Corpo de empresário é encontrado em porta-malas de carro perto da delegacia do bairro da Liberdade

Foto: arquivo pessoal/Instagram

Um homem de 31 anos, identificado como Lucas Diego da Silva, foi encontrado morto, na tarde desta quarta-feira (9/6), com perfurações provocadas por disparos de arma de fogo, dentro do porta-malas de um veículo Chevrolet Onix, em Salvador. O corpo do estudante de Investigação Forense e Perícia Criminal foi achado na via principal do bairro da Liberdade.

Segundo a Polícia Militar, por volta das 16h30, uma guarnição da 37ª Companhia Independente (CIPM/Liberdade) foi acionada após informações de um corpo do sexo masculino encontrado dentro de um veículo. No local, após confirmar o fato, os policiais militares isolaram a área e permaneceram no local até a chegada do Departamento de Polícia Técnica (DPT).

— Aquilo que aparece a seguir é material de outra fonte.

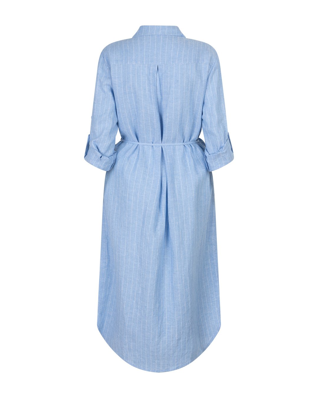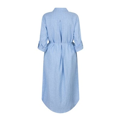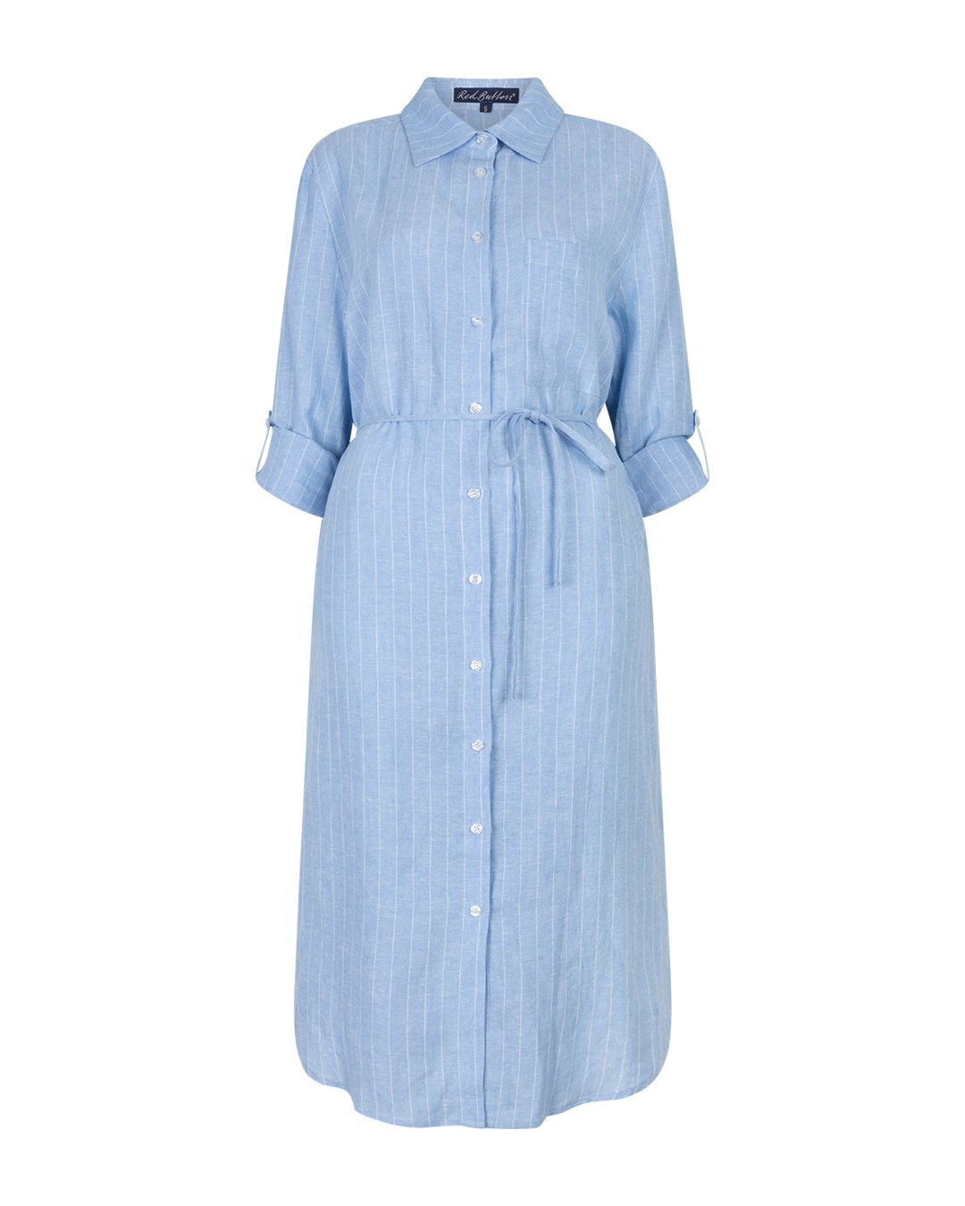 Red Button Shirtdress Linnen Viscose Pinstripe Light Blue

Em nota, a Polícia Civil informou que um homem abandonou o veículo, nas proximidades da 2ª Delegacia e fugiu. Lucas, que era sócio em duas empresas sendo uma do ramo alimentício e outra de vestuário, foi encontrado dentro do veículo que havia alugado. O proprietário do automóvel já compareceu à delegacia e prestou depoimento.

A motivação e autoria do crime estão sendo apuradas pela 3ª Delegacia de Homicídios (3ª DH/BTS), do Departamento de Homicídios e Proteção à Pessoa (DHPP). A vítima deixa um filho de apenas dois anos. Não há detalhes sobre o local e horário do sepultamento.